Ronan is still working miracles!

I just sat down and watched the Katie Couric Show from this Thursday. Maya Thompson and her husband were guests on it. I knew it would be sad, I knew I would cry. I am so happy to see her getting the word out about Childhood Cancer. I was so impressed with them and their composure. I especially love her blog post after the show aired saying how she should have said this or that, and these true harsh feelings of a grieving mother, but instead held it all together and did amazing. I don't think I could. I don't think I would. I'm extremely happy that the word is finally getting out about childhood cancer - but it still breaks my heart that this is their new normal. A life without Ronan physically here. I can't stop thinking about him and his story. or Super Ty's story. It is so devastating to learn about these kids going through this journey, and not only having to take this path, but to have only a limited number of drugs to fight this bastard cancer, only to have it also deteriorating everything else left of them, except their spirits and personalities. Its horrifying. Its unacceptable. It shouldn't be. I can go one minute being perfectly fine and thinking how amazing it is that Maya is moving the mountains that she is, to completely losing it and wondering why? Why did Ronan have to go thru this? Why did/do these other little kids have to go thru this. Why does cancer even exist. Why do kids get cancer. Why doesn't anyone see it? Why isn't their more funding. Why is it OK to watch these children fight for their lives when they don't even know what is going on!?! Makes no friggin sense to me. I know it won't ever. I want it to though. I hate when I don't "get" things. There is always an answer to everything. Where is this answer?
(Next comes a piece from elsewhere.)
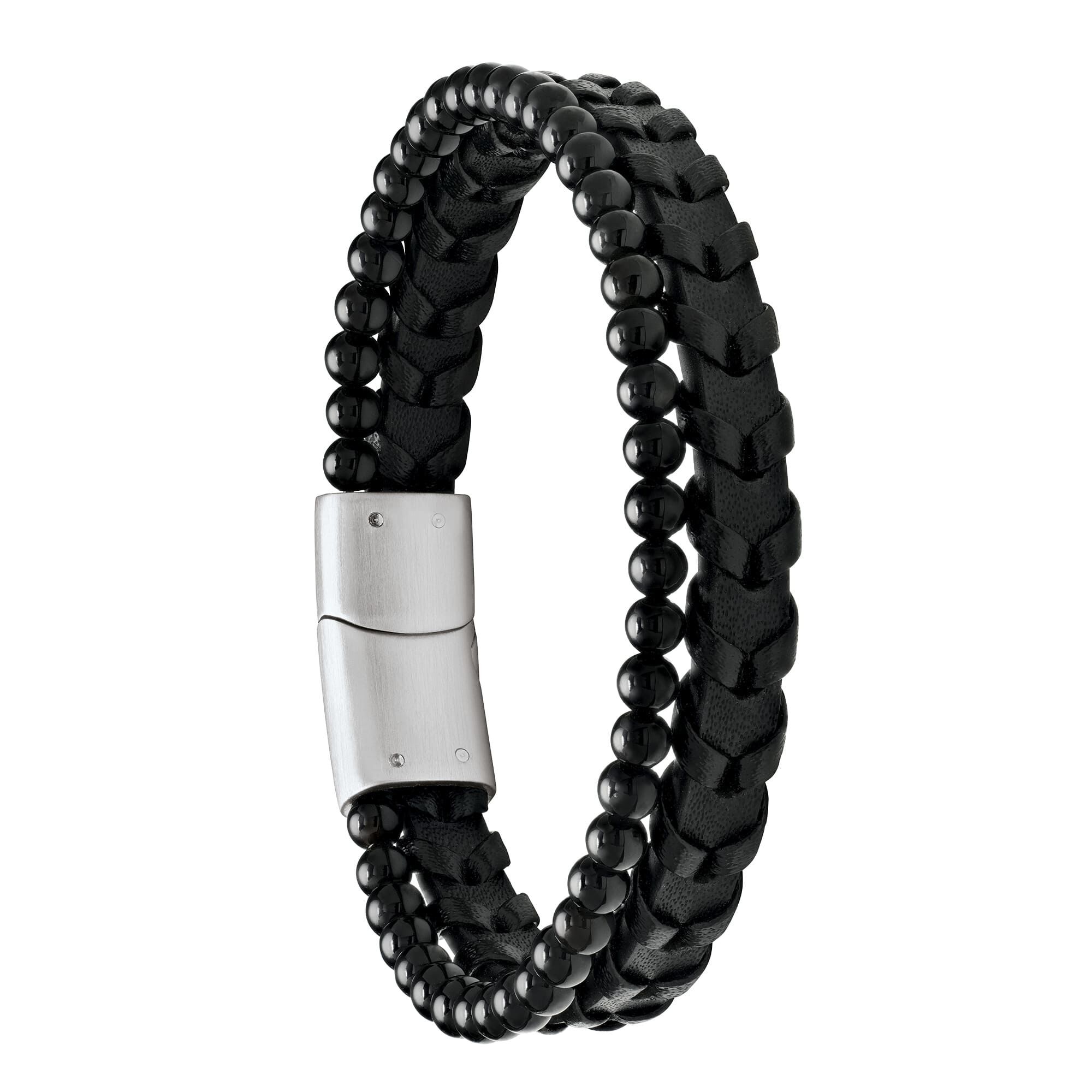 BRACELET LAVE CUIR NOIR ACIER ET ONYX

I cannot wait to see everything unfold for the Thompson family and all that they have worked for and towards...but they HAD to work for this. they had to fight back like hell on wheels. They are choosing this fight, it isn't something natural that you just do. This is their choice and I commend them. I'm not sure i would ever even be able to get out of bed. She hasn't ever stopped fighting. This is ugly. This is hard. Takes a really determined, dedicated, strong willed, big hearted bad ass person to fight this fight. I'm glad she is in the drivers seat.
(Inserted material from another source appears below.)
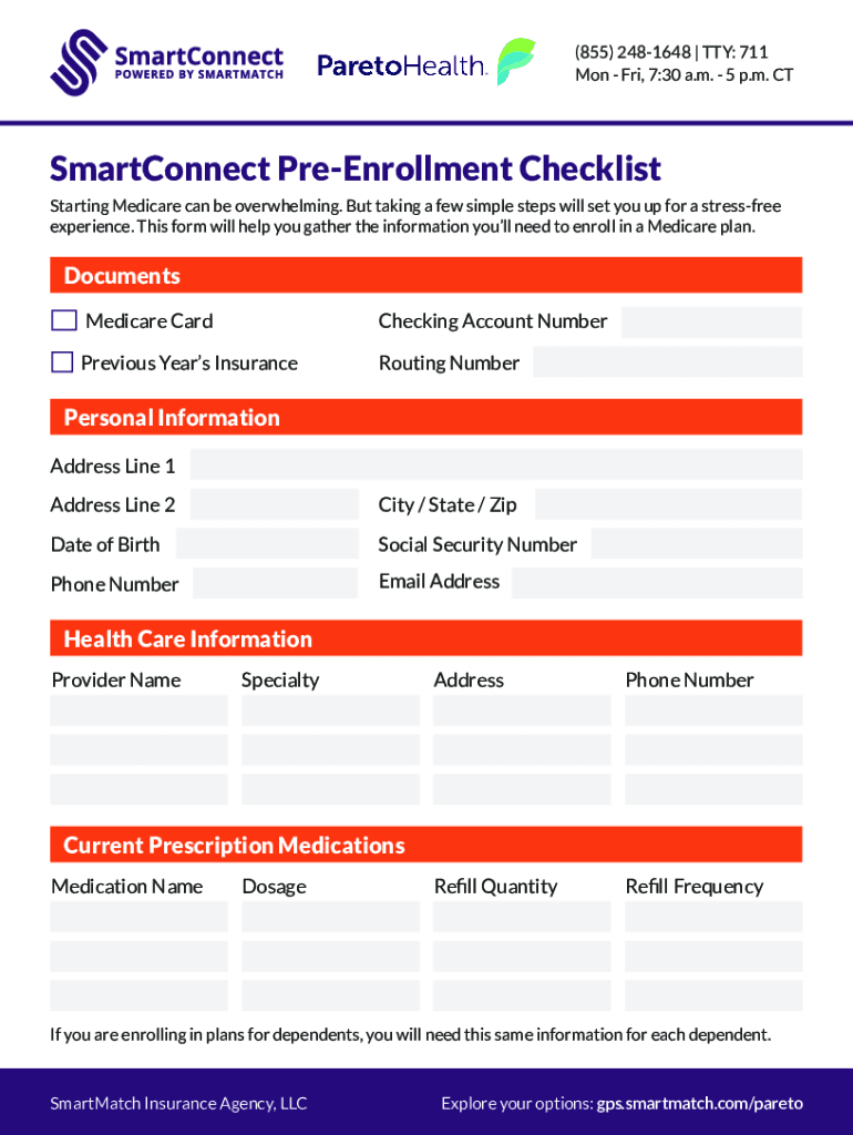 (855) 2481648 | TTY: 711 Mon Fri, 7:30 a.m. 5 p.m. CTSmartConnect PreEnrollment Checklist Starting Medicare can be overwhelming. But taking a few simple steps will set you up for a stressfree experience.

I love that I am now aware of this information on childhood cancer. I am one more person helping spreading the word. I didn't think my word would make a difference. I can't think like that. Someone is listening. I don't think I have really ever been completely supportive of something before - as to wanting to join the steps, the fight, the dirty work. I usually like to sit back and watch. for the first time ever, I'd love to to help!! I feel moved to. I'm just now struggling with what and how....for starters...talking about it. That's how it reeled me in - I can 100% share with others, and lord knows i love to talk. I can just talk about Ronan and his story and all the other little kids that have fought. the facts. the disappointing facts. Everyone needs to be aware. What parent wouldn't feel compelled to help, to donate to these little lives that are here fighting, and not because they didn't do something in particular, but just because you were dealt a shitty hand. unpredictable. no discrimination. no warning. I pray each day I'm not dealt this shitty hand, I pray each day less and less families aren't dealt this shitty hand. Its not fair. It scares me so much. It pains me to know what these kids go through.

I thought it was so weird in the beginning that I was so hurt by Ronan's story, and cried about it, and followed it everyday, I didn't want to talk about it because I felt out of place to, it wasn't my story, it wasn't someone I knew...I went back and read every post made from the beginning, but I now see I am not the only one. It seems like everyone that comes across rockstarronan.com is moved, cries, and wants to help. That is amazing. I no longer feel the need to hide what I am so deeply moved by. I wonder if I will ever be able to talk about his story without holding back the million of tears that form as I'm speaking.

If you haven't yet - go donate theronanthompsonfoundation.com

I'm just counting down the years, months, weeks, days until Maya and Woody open their world class Neuroblastoma care and research center. I'm just so so sorry Ronan isn't here. I wish he were.